Setting up the project
Start by creating a folder and then installing Cheerio.
mkdir scraper && cd scraper
npm init -y
npm install cheerioCheerio is a server-side HTML parser that uses a jQuery-like API. If you've ever written $('.product-title').text() in a browser, Cheerio will feel immediately familiar.
Your first scrape
Let's scrape the Hacker News front page. It's static HTML, publicly accessible, and has a reasonably clean structure.
import * as cheerio from "cheerio";
async function scrapeHackerNews() {
const response = await fetch("https://news.ycombinator.com");
const html = await response.text();
const $ = cheerio.load(html);
const stories = [];
$(".athing").each((index, element) => {
const titleEl = $(element).find(".titleline > a");
const title = titleEl.text();
const url = titleEl.attr("href");
// The score and metadata live on the next sibling row
const subtext = $(element).next(".subtext");
const score = subtext.find(".score").text();
const author = subtext.find(".hnuser").text();
if (title) {
stories.push({ title, url, score, author });
}
});
return stories;
}
const stories = await scrapeHackerNews();
console.log(JSON.stringify(stories.slice(0, 5), null, 2));Run it with node --input-type=module < index.js (or add "type": "module" to your package.json) and you'll get something like:
[
{
"title": "Show HN: I built a terminal-based spreadsheet",
"url": "https://example.com/spreadsheet",
"score": "312 points",
"author": "username123"
}
]This works until it doesn't. The selectors .athing, .titleline, .subtext are structural details of Hacker News's HTML as it exists right now. If the site's developers rename a class, restructure the DOM, or switch to a different templating approach in a refactor, your scraper silently starts returning empty arrays. You won't know until something downstream complains about missing data.

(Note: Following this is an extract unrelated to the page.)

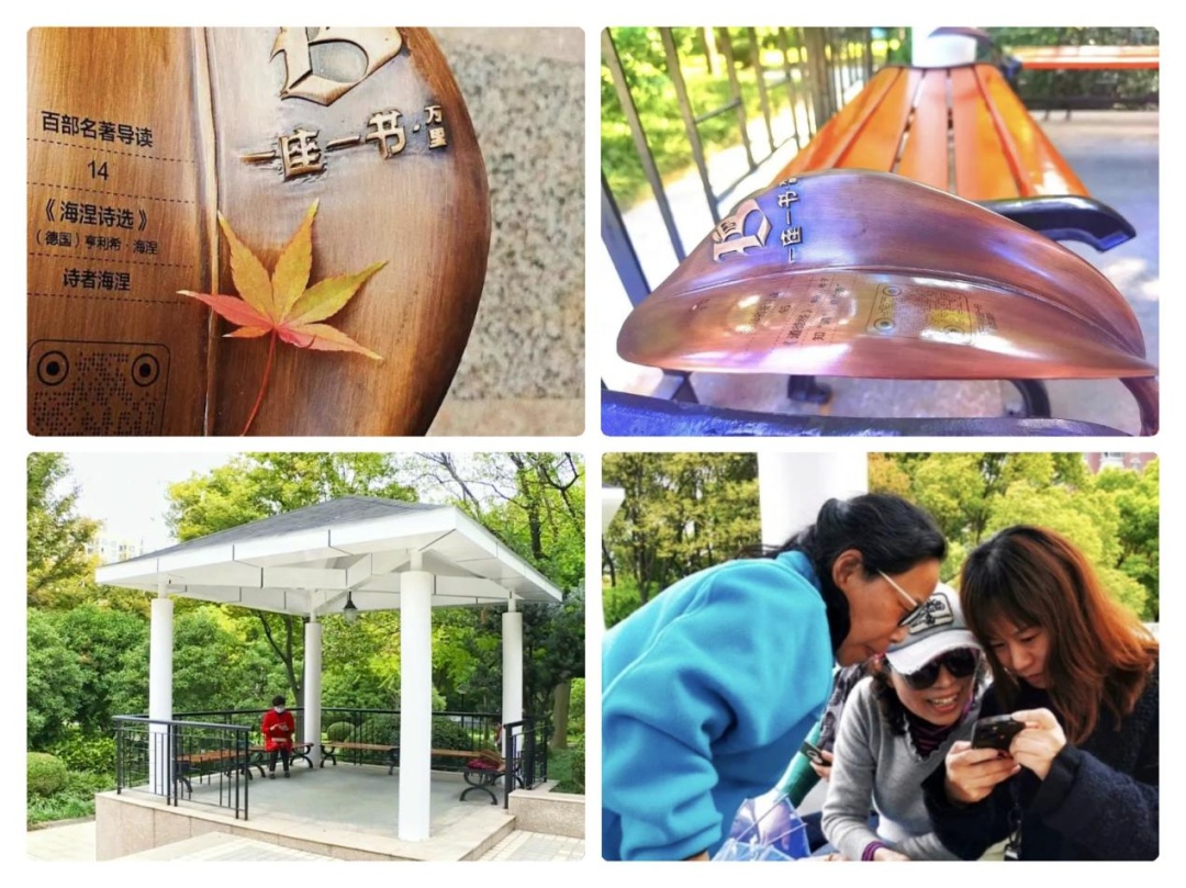 万里街道“一座一书”项目,以万里公园中的座椅为载体,在座椅上树叶形状的异形扶手上嵌入导读链接,人们可以通过扫描二维码品读百本名著,既能休憩,也能感受文化的魅力。

This brittleness is a fundamental property of selector-based scraping, not a bug in your code. We'll come back to it.
JavaScript-rendered pages and Puppeteer
A large portion of the modern web doesn't send you content in the HTML response. It sends you a near-empty shell and a bundle of JavaScript. The browser runs that JavaScript, which makes API calls, builds the DOM, and renders the content you actually see. When your fetch request hits one of these pages, you get the shell (not the content).
This includes most e-commerce sites (product listings loaded dynamically), social platforms, single-page applications built with React or Vue, and any site that uses infinite scroll instead of traditional pagination.

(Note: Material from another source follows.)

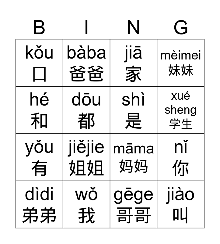 This bingo card has 16 words: wǒ 我, nǐ 你, jiā 家, kǒu 口, yǒu 有, bàba 爸爸, māma 妈妈, gēge 哥哥, hé 和, dōu 都, dìdi 弟弟, mèimei 妹妹, jiějie 姐姐, xué sheng 学生, shì 是 and jiào 叫.

To scrape these, you need a real browser or something that behaves like one, such as Puppeteer.
Puppeteer
Puppeteer is a Node.js library that gives you programmatic control over a headless Chromium browser. It can navigate pages, click buttons, fill out forms, scroll, wait for elements to appear, and give you the final rendered HTML after JavaScript has run.

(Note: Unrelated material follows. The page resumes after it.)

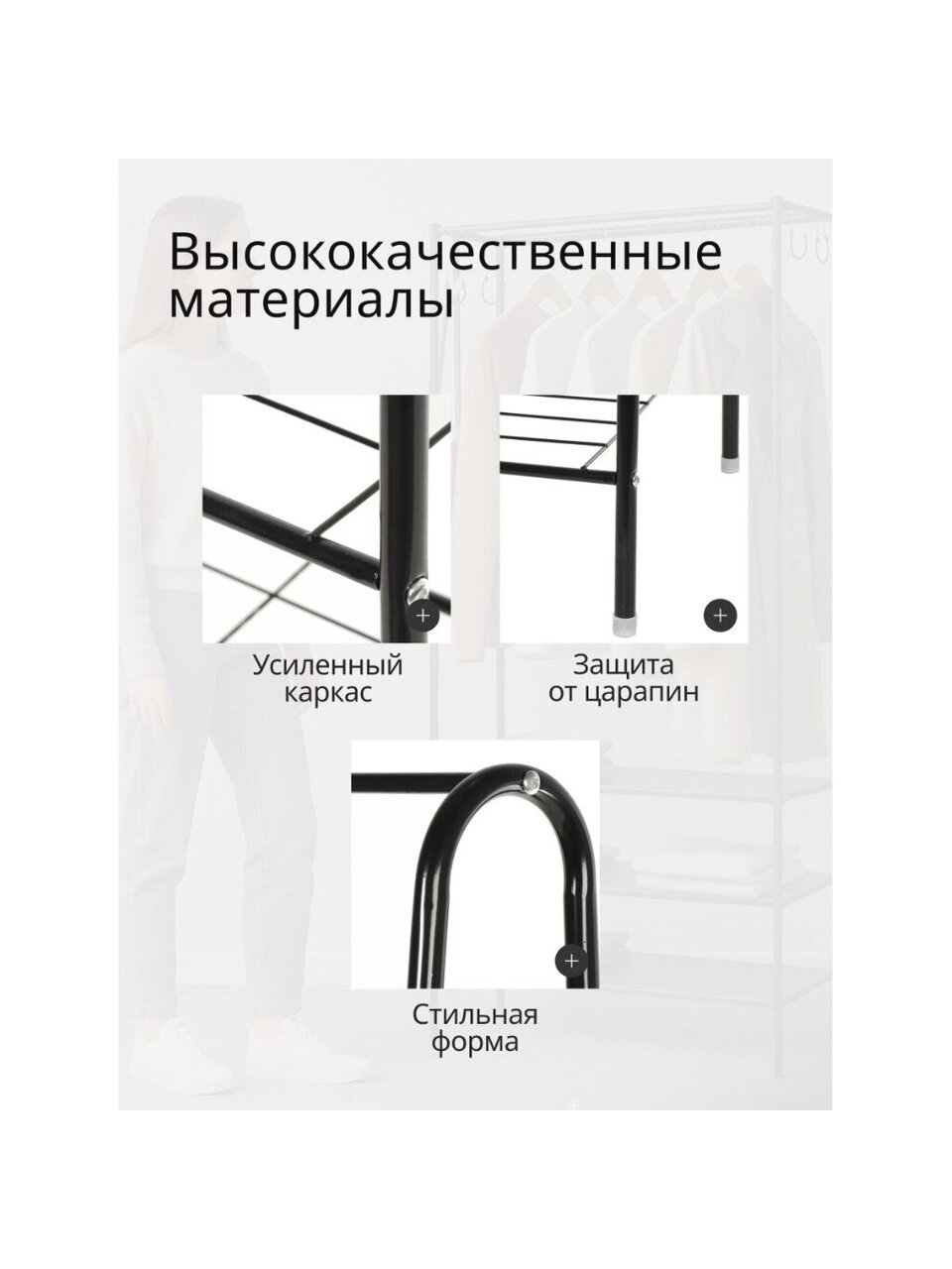 Эта вешалка создана для тех, кто ценит стиль и практичность. Ее черный цвет идеально впишется в любой интерьер, добавляя нотку элегантности и современности. Металлический каркас гарантирует долговечность и устойчивость, что делает вешалку надежным выбором для вашего дома.

npm install puppeteerHere's a simple example of scraping a product listing from a JavaScript-heavy page:
import puppeteer from "puppeteer";
async function scrapeProducts(url) {
const browser = await puppeteer.launch({ headless: true });
const page = await browser.newPage();
await page.goto(url, { waitUntil: "networkidle2" });
// Wait until the product grid is actually in the DOM
await page.waitForSelector(".product-card");
const products = await page.evaluate(() => {
return Array.from(document.querySelectorAll(".product-card")).map((card) => ({
name: card.querySelector(".product-name")?.textContent?.trim(),
price: card.querySelector(".product-price")?.textContent?.trim(),
}));
});
await browser.close();
return products;
}The waitUntil: "networkidle2" option tells Puppeteer to wait until the network has been idle for at least 500ms, a decent heuristic for "the page has probably finished loading its data."
You can also waitForSelector to wait for a specific element to appear, which is more reliable when you know exactly what you're looking for.
Interacting with the page before scraping
Sometimes the data you need is locked behind a user action like an "Accept cookies" dialog you have to dismiss, a "Load more" button you need to click, or a dropdown filter you need to change. Puppeteer handles all of this.
// Dismiss a cookie consent dialog
await page.click("#accept-cookies");
// Wait a beat for the animation to finish
await page.waitForTimeout(500);
// Click "Load more" until it disappears
while (await page.$(".load-more-button")) {
await page.click(".load-more-button");
await page.waitForTimeout(1000);
}
// Now scrape the fully loaded content
const items = await page.evaluate(() => {
// ...
});This gets the job done. It's also where things start getting complicated in practice.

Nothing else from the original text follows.